▸ EXERCISE DESCRIPTION
All of the listing is to be written out word for word, with the pictures left out.

▸ STORED DATA
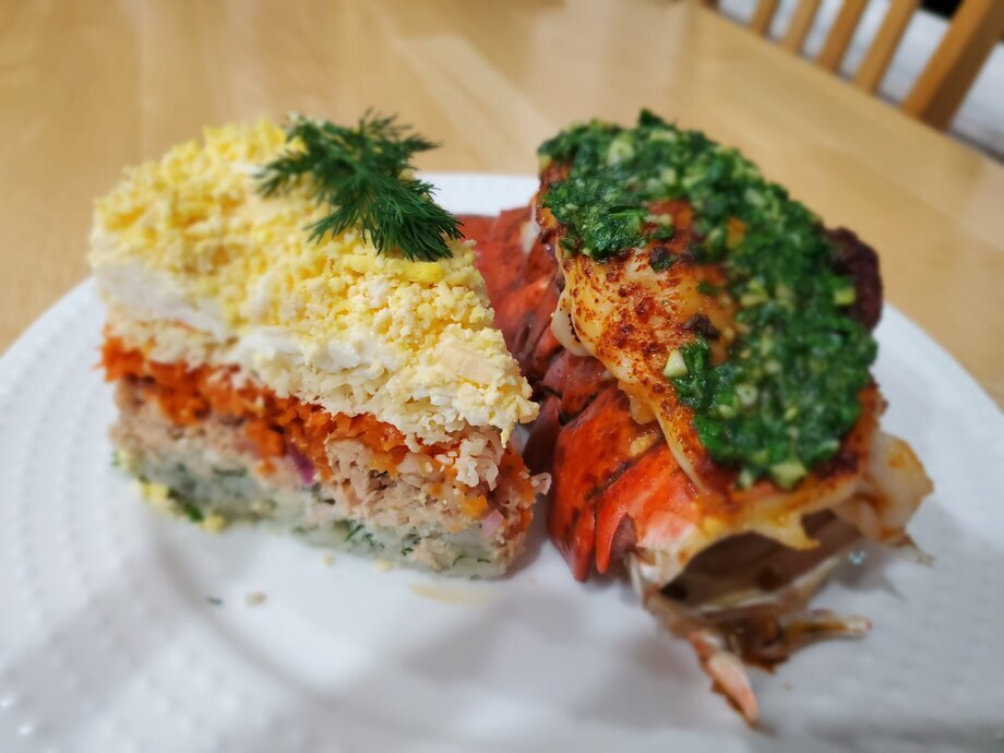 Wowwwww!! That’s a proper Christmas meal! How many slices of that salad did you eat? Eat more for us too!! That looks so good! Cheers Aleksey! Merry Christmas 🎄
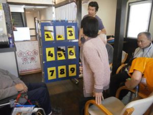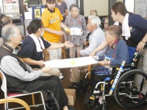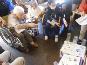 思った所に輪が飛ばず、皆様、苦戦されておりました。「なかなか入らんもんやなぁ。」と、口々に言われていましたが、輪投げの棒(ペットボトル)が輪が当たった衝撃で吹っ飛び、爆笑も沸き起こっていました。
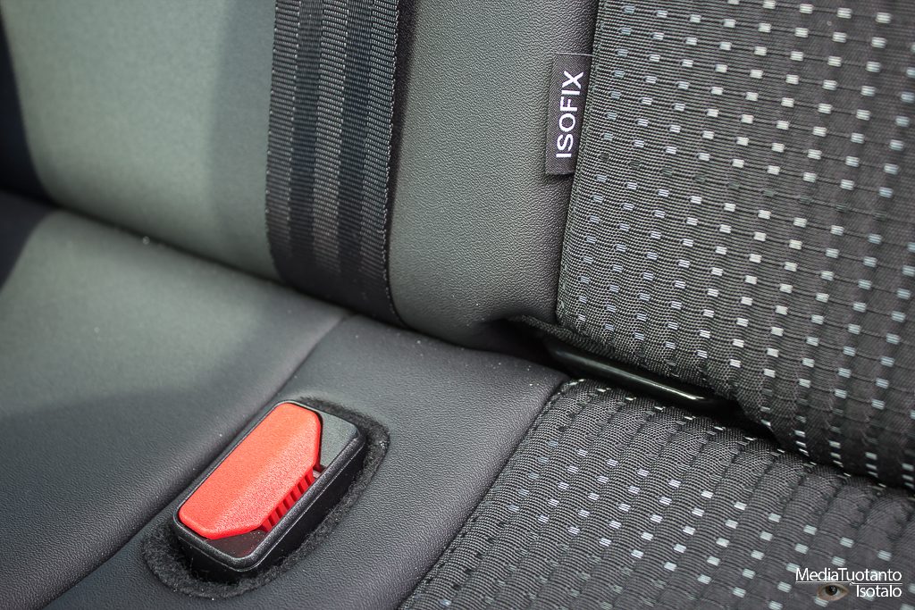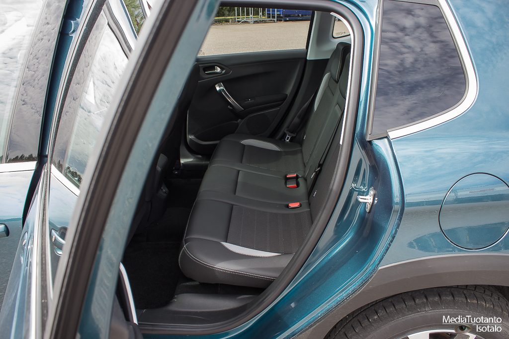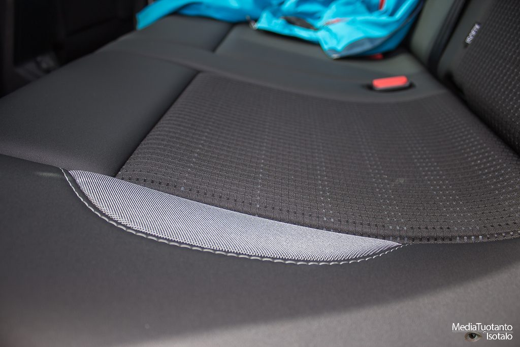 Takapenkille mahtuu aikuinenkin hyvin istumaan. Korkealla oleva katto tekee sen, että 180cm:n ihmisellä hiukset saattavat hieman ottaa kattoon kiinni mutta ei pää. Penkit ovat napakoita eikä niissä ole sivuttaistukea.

▸ ANSWER TO THIS PROBLEM
 Wowwwww!! That’s a proper Christmas meal! How many slices of that salad did you eat? Eat more for us too!! That looks so good! Cheers Aleksey! Merry Christmas 🎄
 思った所に輪が飛ばず、皆様、苦戦されておりました。「なかなか入らんもんやなぁ。」と、口々に言われていましたが、輪投げの棒(ペットボトル)が輪が当たった衝撃で吹っ飛び、爆笑も沸き起こっていました。
 Takapenkille mahtuu aikuinenkin hyvin istumaan. Korkealla oleva katto tekee sen, että 180cm:n ihmisellä hiukset saattavat hieman ottaa kattoon kiinni mutta ei pää. Penkit ovat napakoita eikä niissä ole sivuttaistukea.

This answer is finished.